Previous years have been very interactive, requiring direct participation. A seek and find game, a conference only chat tool, etc. These have been fun, but interaction with the project is sporadic and not ubiquitous. This year we decided to build something that everyone would participate in, simply by being in the audience. Alex had the excellent idea of tracking the loudness of the auditorium over time, and we decided to monitor Twitter as well.
To measure sound levels in the auditorium (hangar? main stage?) we would obviously need some hardware on site. We chose a Raspberry Pi for simplicity, and because we already understood it. I initially experimented with using an electret microphone and GPIO, but as time ran out I went simpler and ordered a USB audio interface to plug in.
Before the event Paul and I went to KANEKO to set things up. The helpful guy from binary.net who was setting up the network gave us a hard line so we wouldn’t have to deal with wifi traffic, we ran the mic up the wall, plugged it in and watched the data flow. Pretty smooth install.
The architecture of Pandemonium is perhaps a bit over complex, but I was having fun gluing things together and who’s gonna stop me?
This packet gets pushed into a queue with a timestamp that is shared with the UDP client process. This process picks it up, and collects 50 other samples finding the peak value. Once it has collected 50 packets (0.5 seconds) it takes the peak value, wraps it with a signature and sends it off. The signature is an abbreviated HMAC to verify the origin and quality of the data. Originally we were sending 100% of the samples collected, so 100 per second. We decided that was a bit extreme and added the summarization code to reduce it to twice per second.
The UDP server receives the packet, unpacks it, and checks the signature. If it’s valid, it stores it in MySQL (async) and also pushes it to a Redis pubsub channel.
From there a node.js server picks it off the Redis pubsub channel and sends it down through socket.io to waiting clients. Even with all these hops, the roundtrip is pretty snappy, and there is less than a second of obvious lag.
On the client side we had a digital VU-style meter which scaled the volume over it’s seven bars and lit up accordingly. We also pushed the data to a live graph powered by HighCharts.
Tweets were collected for the hashtag #bigomaha and stored directly into MySQL by a daemon using the Twython library.
A second process would aggregate and average the tweets per second, then push that data to a Redis pubsub channel to be distributed by the node.js bridge.
Since there isn’t a natural comparative value for Tweets, the aggregator keeps the peak value in memory and compares the current value against that for a percentage.

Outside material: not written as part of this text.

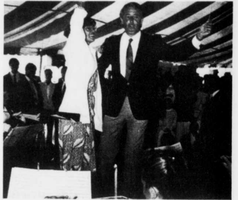
A St-Irénée, Brian Mulroney a été invité à diriger un orchestre pour le chant "When Irish eyes are smiling".

Des allusions sur une éventuelle candidature de M. Mulroney dans Charlevoix ont cependant été lancées tout au long de journée d'hier par les divers orateurs locaux.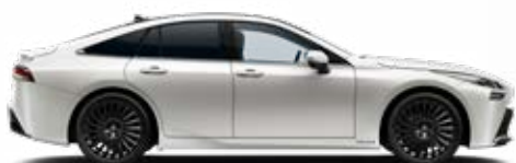
090 Bílá perleťová speciální lak 22 500 Kč

Not perfect, but it’s works.
Mistakes Were Made
Everything performed better than I expected, honestly. We didn’t have the opportunity to test the audio sampling at a large, loud venue, so I was worried about that. Paul and I installed it in the back of the auditorium, just past a speaker, and put the mic as high up the wall as we could, which seemed to isolate it pretty well.
However, there were some problems. Due to a fat finger, none of the audio data from day one was saved until about 3pm. So that was a bummer. A quick fix gave us good data for day two through.
My second goof was that the MySQL library I used for storing tweets assumed that data was latin-1, even though I created my tables as utf-8. So, when people tweeted anything with odd characters, the database barfed and it dropped the tweets. That also got fixed in the afternoon on day one.
I think it was a neat project, I certainly had fun building it. And it worked, which is always what we are aiming for, and it didn’t require any direct interaction from attendee’s to succeed, it survived on it’s own. I wish I hadn’t made mistakes, but they weren’t too damaging to the real-time experience at Big Omaha.